Nawet dożywocie za zabójstwo kolegi

Eryk W. został zatrzymany w piwnicy jednego z bloków na chełmskim osiedlu Słoneczne. Grozi mu dożywocie

Prokuratura Rejonowa w Lublinie skierowała do sądu akt oskarżenia przeciwko 23-letniemu Erykowi W. z Chełma, który kilkukrotnie ugodził nożem kolegę. Daniel jeszcze żył, gdy oskarżony owijał jego ciało w worek foliowy i wsuwał pod łóżko.
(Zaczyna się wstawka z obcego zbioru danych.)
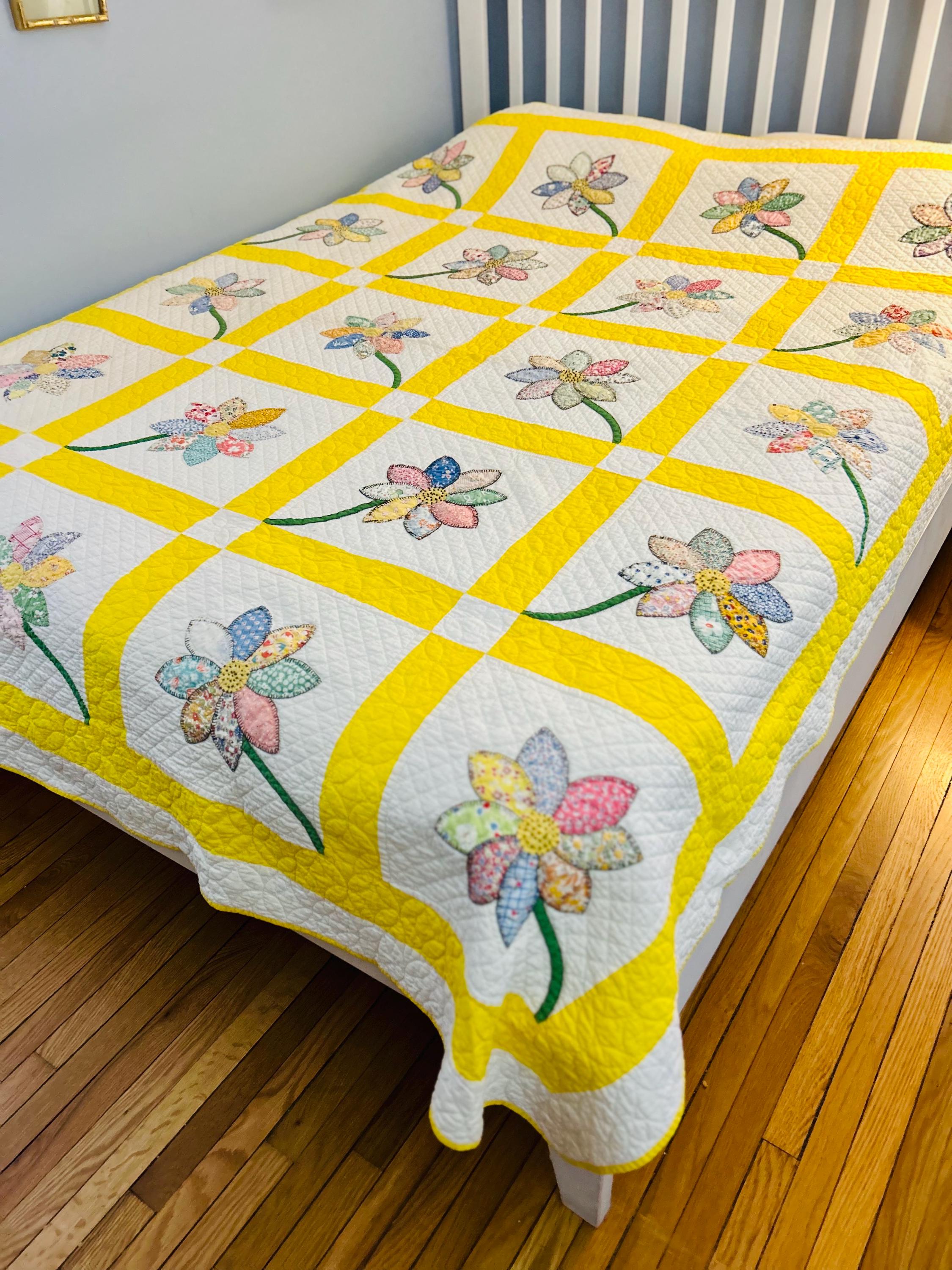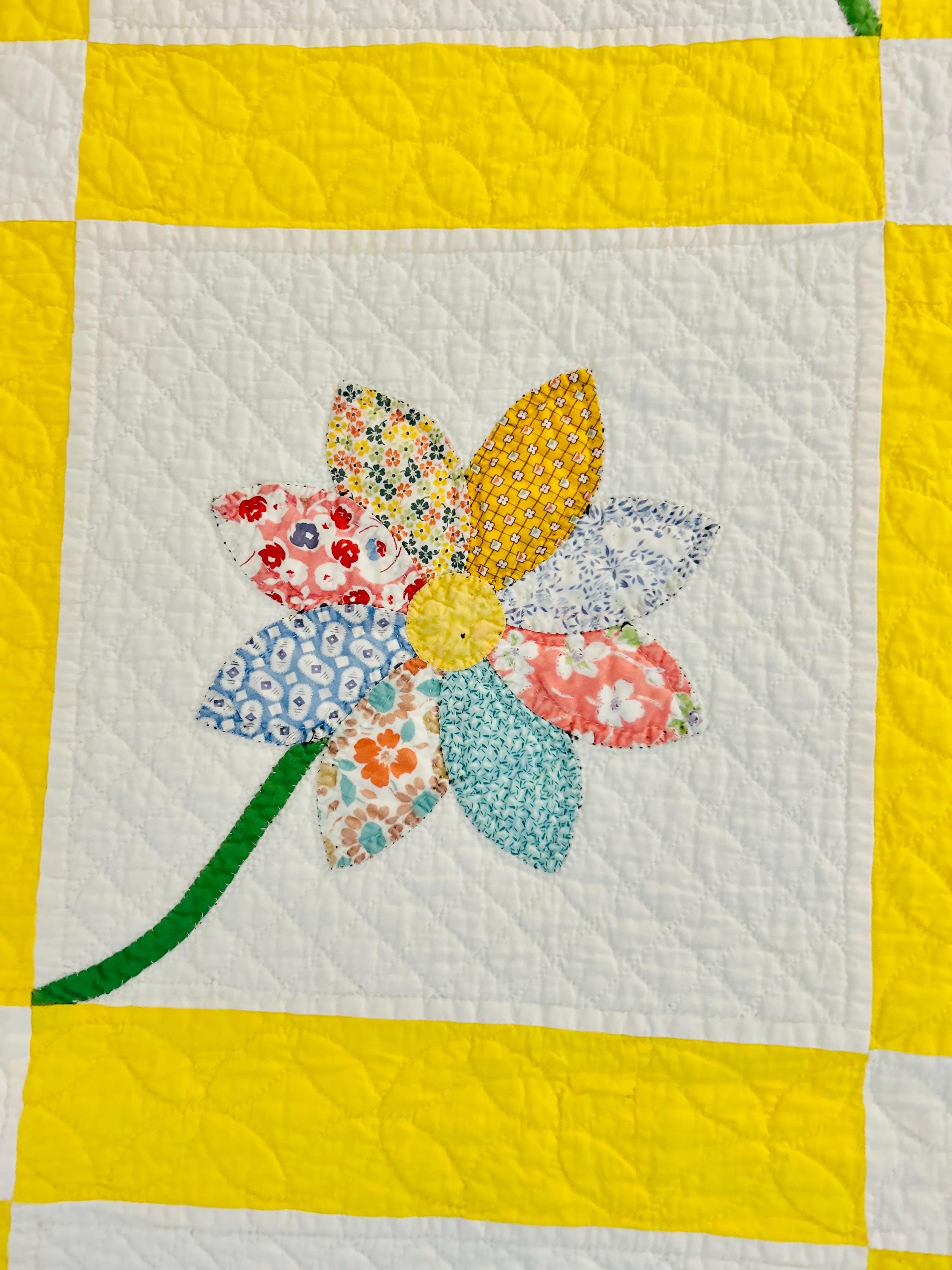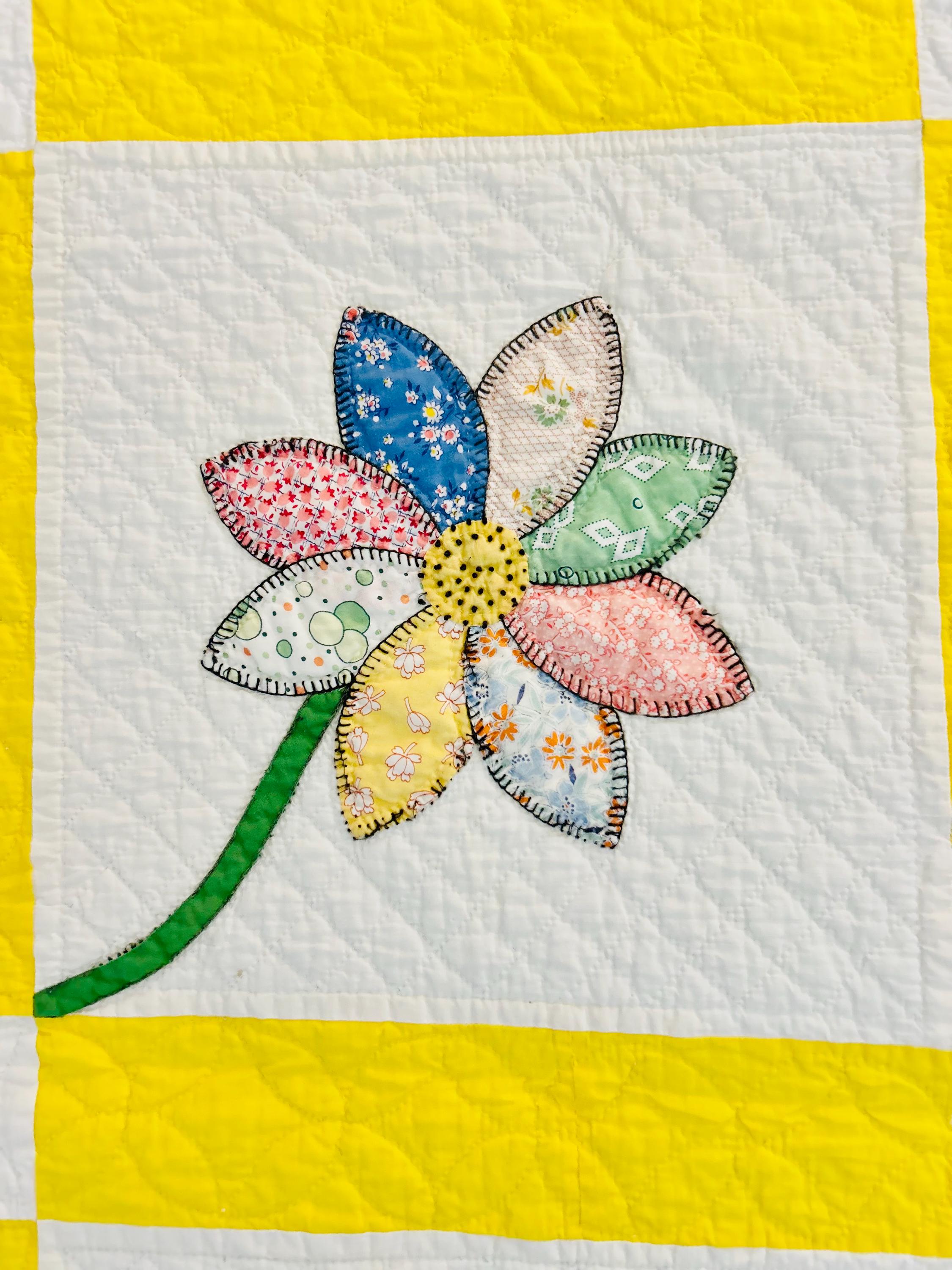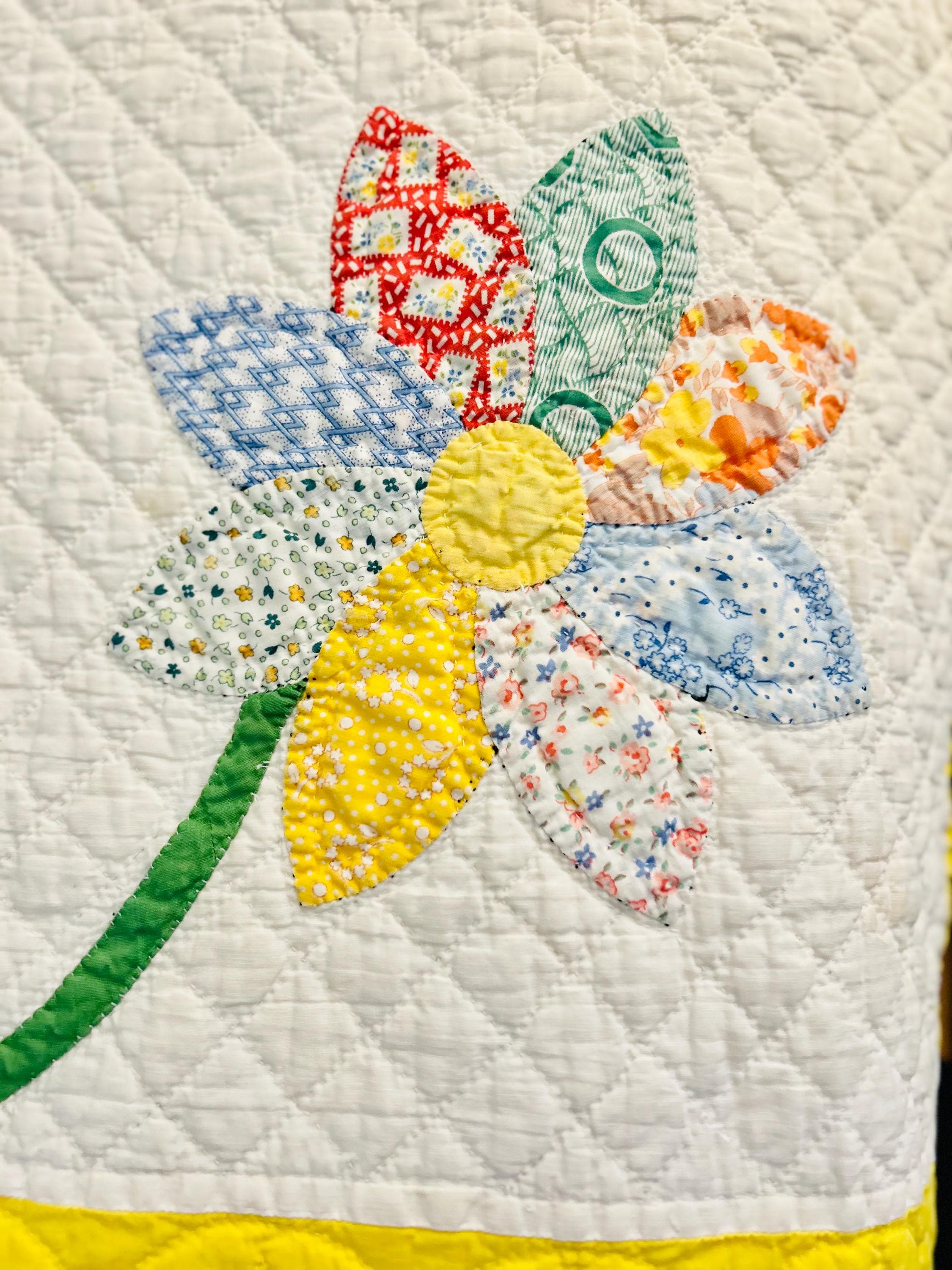 This wonderfully cheerful Scrappy Flower Applique Quilt, circa 1930s, is made from authentic feedsack and calico prints framed by bright yellow sashings. It is entirely hand-quilted in a cross-hatch around the flowers and in a repeating four-petal flower pattern in the sashings and along the four-sided border.

Zwłoki 22-letniego Daniela z ranami kłutymi ujawnił w mieszkaniu przy ulicy Krańcowej w Lublinie, 20 stycznia, ojciec chłopaka, który przyjechał z Chełma, zaniepokojony brakiem kontaktu z synem.

Według ustaleń śledczych dwaj koledzy z Chełma, Daniel i Eryk W., spotkali się w mieszkaniu ofiary dzień wcześniej. Doszło między nimi do kłótni, w efekcie której Eryk W. kilkukrotnie ugodził nożem kolegę w szyję, okolice podobojczykowe i w brzuch. Według prokuratury chłopak jeszcze żył, gdy sprawca owijał jego zakrwawione ciało foliowym workiem i wsuwał pod łóżko.

Po wszystkim W. próbował zacierać ślady; posprzątał mieszkanie i uciekł do Chełma. Policjanci znaleźli go schowanego w piwnicy na osiedlu Słoneczne.

Jedna z hipotez mówiła o tym, że powodem zbrodni byłą zazdrość. Podejrzany o zabójstwo nie przyznawał się jednak do winy i odmawiał składania jakichkolwiek wyjaśnień. Akt oskarżenia przeciwko niemu trafił właśnie do Sądu Okręgowego w Lublinie. Erykowi W. za zabójstwo kolegi grozi nawet dożywocie. (pc)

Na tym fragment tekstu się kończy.